▶ **EXTRACTED RECORDS**
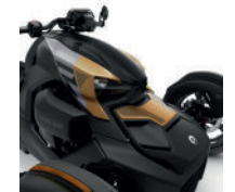
Fiebre del oro
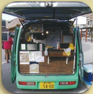
キッチンカーにより 好きなクレープメニューを手渡し配食
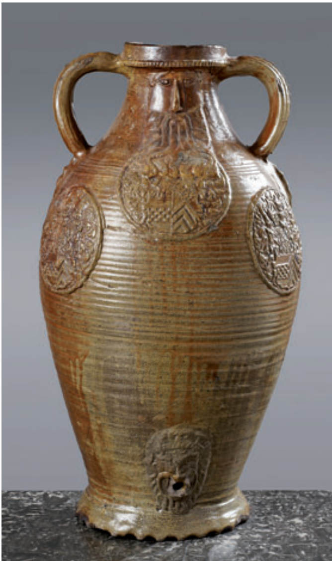
95 Raeren. Grande amphore à deux anses latérales en grès à glaçure beige à paroi annelée, deux masques d'homme barbu en relief sous le col, la panse ornée de six médaillons contenant une armoirie répétée et la date 1613. Début du XVII ème siècle. H. 61 cm. Petits éclats. 3 000/5 000 €
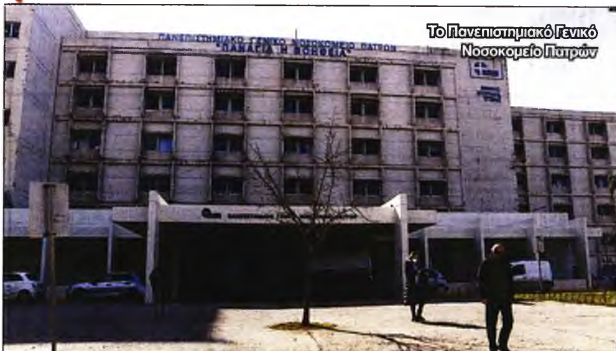
Το Πανεπιστημιακό Γενικό Νοσοκομείο Πατρών
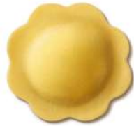
PRODUITS FRAIS FIORE AI FUNGHI PORCINI 1KG SF FONTANETO
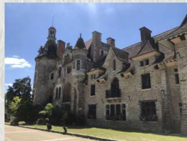
Le château des Dames

Agréable déambulation au travers le Châtelet-en-Brie, petite ville briarde dominant la source qui serait, il y a fort longtemps, la raison de son installation.
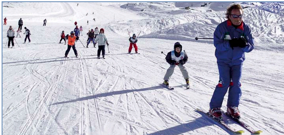
Bambini a scuola di sci
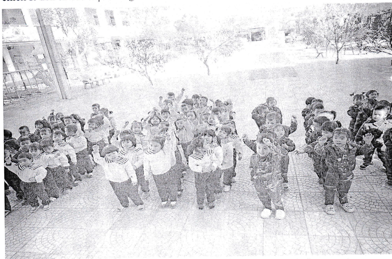
Màn đồng diễn các chiến sĩ khối 3 tuổi

Mở đầu chương trình là màn đồng diễn đầy khí thế, nhiều màu sắc rực rỡ của các chiến sĩ đến từ các lớp mẫu giáo 3 tuổi
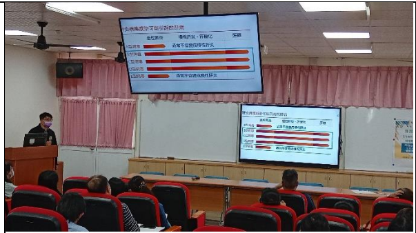
說明：病毒性肝炎種類介紹
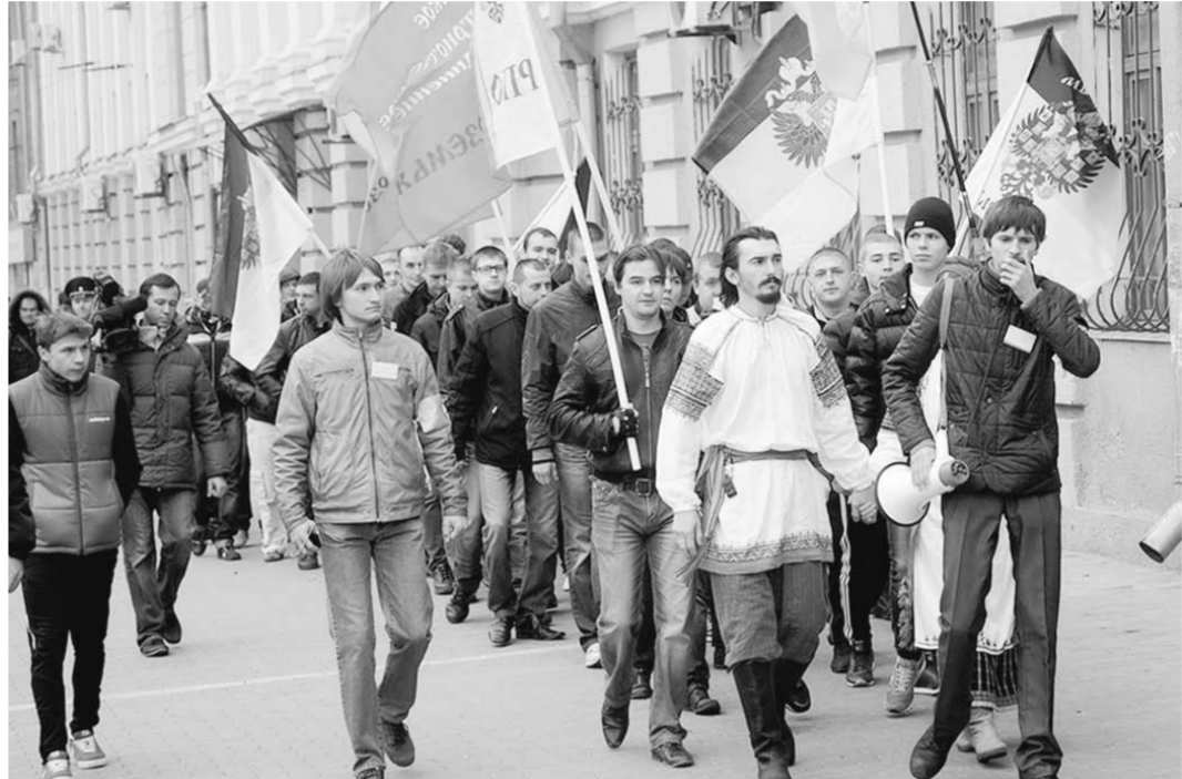
Русский вопрос: молодежь ищет ответы.

убеждение, согласно которому «термин «русский» нас разъединяет», а «принятие Православия – трагедия для России». В сфере культуры, как в массовой, так и «элитарной», мы наблюдаем апофеоз пошлости, навязывание различных форм девiantного поведения, введение ненормативной лексики в культурное пространство, явную или латентную пропаганду различных форм нетрадиционной сексуальной ориентации и т.д. Вряд ли СМИ в том виде, в каком они функционируют сейчас, могут способствовать процессам национальной идентичности, скорее, наоборот.
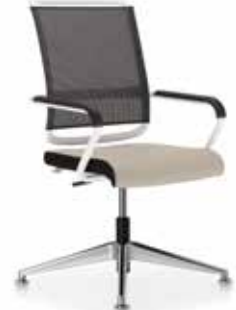
Xenium conference swivel chair X-Cross Mesh TILT/AR/AG
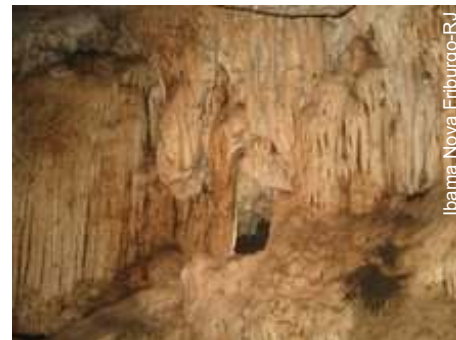
Ibama Nova Friburgo-RJ

Técnicos do Centro de Estudo, Proteção e Manejo de Cavernas (CECAV/ICMBIO) farão uma vistoria à caverna Pedra Santa, em Cantagalo-RJ, no dia 01 de julho com objetivo de catalogá-la e avaliar as formas de uso da caverna.
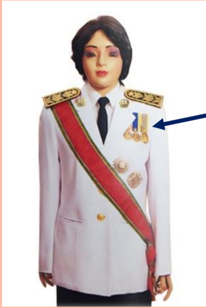
เครื่องแบบเต็มยศ

ประดับดารา ดวงตรา และสวมสายสะพายเช่นเดิม
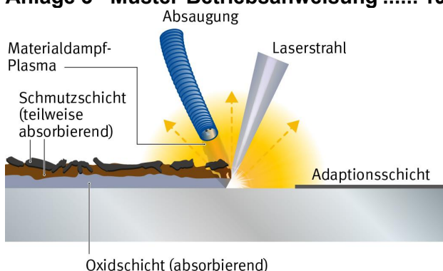
Abbildung 1 – Prinzip der Oberflächenreinigung mit Laserstrahlung
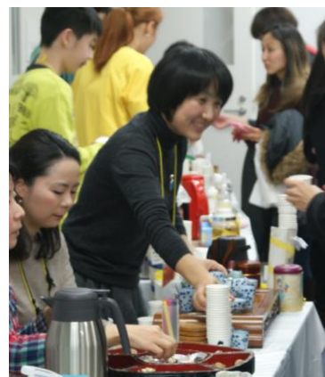
中国 (ウーロン茶) 香りも楽しみながら一口サイズのお菓子も一緒にいただきました。

▶ **EXERCISE AIM**
Could you repeat all of the entries exactly, without any of the images?

▶ **WRITTEN SOLUTION**
Fiebre del oro
キッチンカーにより 好きなクレープメニューを手渡し配食
95 Raeren. Grande amphore à deux anses latérales en grès à glaçure beige à paroi annelée, deux masques d'homme barbu en relief sous le col, la panse ornée de six médaillons contenant une armoirie répétée et la date 1613. Début du XVII ème siècle. H. 61 cm. Petits éclats. 3 000/5 000 €
Το Πανεπιστημιακό Γενικό Νοσοκομείο Πατρών
PRODUITS FRAIS FIORE AI FUNGHI PORCINI 1KG SF FONTANETO
Le château des Dames

Agréable déambulation au travers le Châtelet-en-Brie, petite ville briarde dominant la source qui serait, il y a fort longtemps, la raison de son installation.
Bambini a scuola di sci
Màn đồng diễn các chiến sĩ khối 3 tuổi

Mở đầu chương trình là màn đồng diễn đầy khí thế, nhiều màu sắc rực rỡ của các chiến sĩ đến từ các lớp mẫu giáo 3 tuổi
說明：病毒性肝炎種類介紹
Русский вопрос: молодежь ищет ответы.

убеждение, согласно которому «термин «русский» нас разъединяет», а «принятие Православия – трагедия для России». В сфере культуры, как в массовой, так и «элитарной», мы наблюдаем апофеоз пошлости, навязывание различных форм девiantного поведения, введение ненормативной лексики в культурное пространство, явную или латентную пропаганду различных форм нетрадиционной сексуальной ориентации и т.д. Вряд ли СМИ в том виде, в каком они функционируют сейчас, могут способствовать процессам национальной идентичности, скорее, наоборот.
Xenium conference swivel chair X-Cross Mesh TILT/AR/AG
Ibama Nova Friburgo-RJ

Técnicos do Centro de Estudo, Proteção e Manejo de Cavernas (CECAV/ICMBIO) farão uma vistoria à caverna Pedra Santa, em Cantagalo-RJ, no dia 01 de julho com objetivo de catalogá-la e avaliar as formas de uso da caverna.
เครื่องแบบเต็มยศ

ประดับดารา ดวงตรา และสวมสายสะพายเช่นเดิม
Abbildung 1 – Prinzip der Oberflächenreinigung mit Laserstrahlung
中国 (ウーロン茶) 香りも楽しみながら一口サイズのお菓子も一緒にいただきました。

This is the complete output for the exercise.